速度的决定因素是指数。您需要在colA和colB上具有索引才能使此查询更快。
#2
6
You can use exists
:
你可以使用exists:
select distinct
colA
from
mytable m1
where
not exists (select 1 from mytable m2 where m2.colB = m1.colA)
exists
does a semi-join to quickly match the values. not in
completes the entire result set and then does an or
on it. exists
is typically faster for values in tables.
exists执行半连接以快速匹配值。不是完成整个结果集然后做一个或上面。对于表中的值,exists通常更快。
#3
#1
13
In standard SQL there are no parentheses in DISTINCT colA
. DISTINCT
is not a function.
在标准SQL中,DISTINCT colA中没有括号。 DISTINCT不是一个功能。
SELECT DISTINCT colA
FROM mytable
WHERE colA NOT IN (SELECT DISTINCT colB FROM mytable);
Added DISTINCT
to the sub-select as well. If you have many duplicates it could speed up the query.

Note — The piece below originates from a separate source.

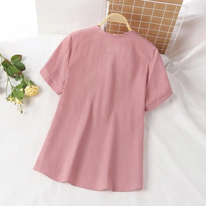 Featuring a classic V-neckline, this blouse adds a touch of elegance while remaining simple and versatile. The short sleeves and straight pullover design provide a relaxed yet flattering fit, making it suitable for middle-aged women who value both style and comfort.
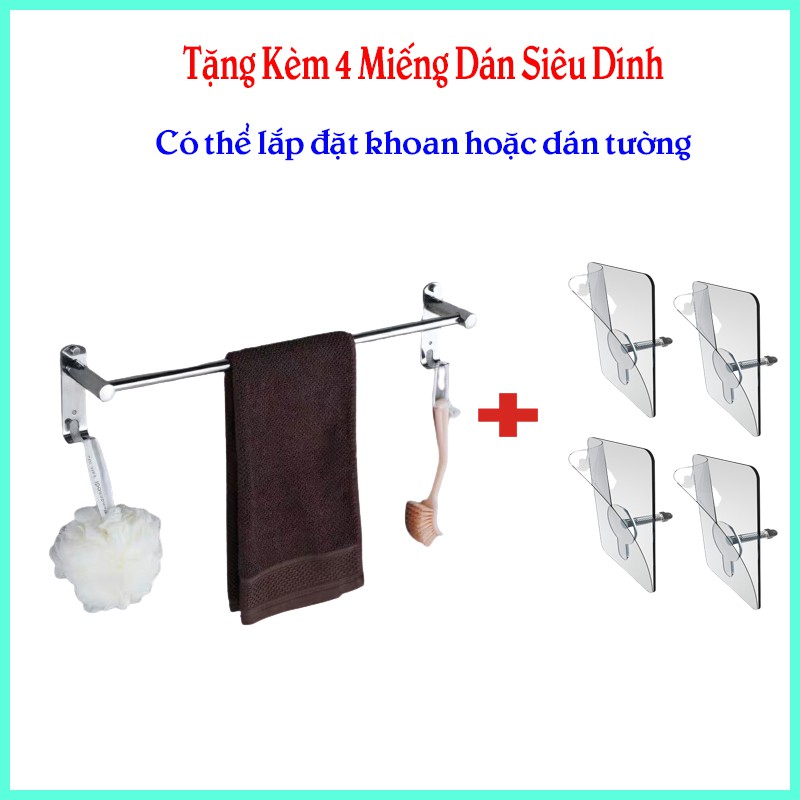 Giá Treo Khăn Tắm Inox Dán Tường - Thanh Inox Sáng Bóng Cùng Keo Dán Siêu Chịu lực

也将DISTINCT添加到子选择中。如果您有许多重复项,它可以加快查询速度。
A CTE might be faster, depending on your DBMS. I additionally demonstrate LEFT JOIN
as alternative to exclude the values in valB
, and an alternative way to get distinct values with GROUP BY
:
CTE可能更快,具体取决于您的DBMS。我还演示了LEFT JOIN作为排除valB中值的替代方法,以及使用GROUP BY获取不同值的另一种方法:
WITH x AS (SELECT colB FROM mytable GROUP BY colB)
SELECT m.colA
FROM mytable m
LEFT JOIN x ON x.colB = m.colA
WHERE x.colB IS NULL
GROUP BY m.colA;
Or, simplified further, and with a plain subquery (probably fastest):
或者,进一步简化,并使用普通子查询(可能最快):
SELECT DISTINCT m.colA
FROM mytable m
LEFT JOIN mytable x ON x.colB = m.colA
WHERE x.colB IS NULL;
There are basically 4 techniques to exclude rows with keys present in another (or the same) table:
基本上有4种技术可以排除具有另一个(或相同)表中的键的行:
- Select rows which are not present in other table
选择其他表中不存在的行
The deciding factor for speed will be indexes. You need to have indexes on colA
and colB
for this query to be fast.
速度的决定因素是指数。您需要在colA和colB上具有索引才能使此查询更快。
#2
6
You can use exists
:
你可以使用exists:
select distinct
colA
from
mytable m1
where
not exists (select 1 from mytable m2 where m2.colB = m1.colA)
exists
does a semi-join to quickly match the values. not in
completes the entire result set and then does an or
on it. exists
is typically faster for values in tables.
exists执行半连接以快速匹配值。不是完成整个结果集然后做一个或上面。对于表中的值,exists通常更快。